На стоянке у отеля, целый этаж которого занимала фирма Заца, он вызвал к жизни свой "понтиак", опустился на мягкое сидение упруго просевшего лимузина и покатил по богатым улицам престижного города деловых людей. Человек, живущий в своей стране, ехал на своей машине по своей улице из своего офиса к себе на виллу
В его стране был установленный раз и навсегда порядок, при котором не было и речи о кражах или рекитерах, ночном шуме или автомобильных пробках.
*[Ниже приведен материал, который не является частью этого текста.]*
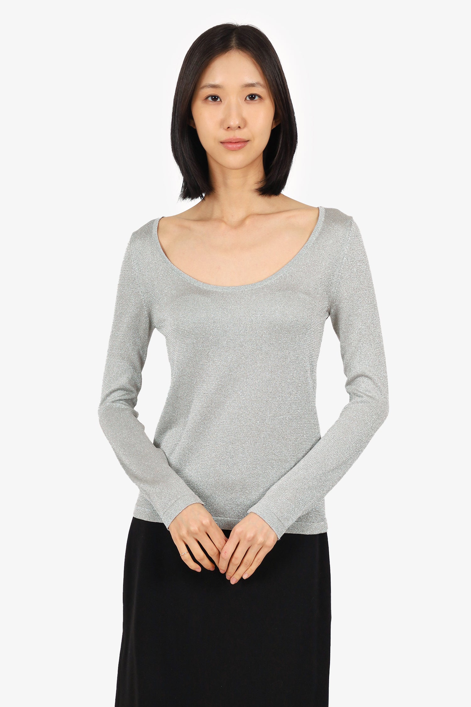Refresh availabilityMissoni Silver Metallic Knit Round Neck Top. Pull-on. Scoop neckline. Tonal stitching.

Здесь не было ни одного теракта, сотрясавших в последнее время вроде бы ту же страну, но для других. И вовсе не потому, что боевикам тут противостояло нечто электронное или суперактивное. Просто здесь жила и работала та самая элита, трогать которую арабам себе дороже. Взорви они в какой-нибудь Нетании, не говоря о поселениях, хоть десять школ, тут и ухом не поведут. Но ткни на этих ухоженных улицах но-жом хоть кота, последствия будут самые неприятные. Ибо именно тут, при любой расцветке кнессета, жили настоящие хозяева региональной сверхдержавы, способ-ной одним пальцем загнать в бутылку самых самоуверенных шейхов и их покровителей в любой сопредельной стране. Не смотря на счета в иностранных банках и умопомрачительные страховые полисы, у этих людей все было схвачено здесь, а отнюдь не на Уолл-Стрите. Им было, что терять вместе с Израилем.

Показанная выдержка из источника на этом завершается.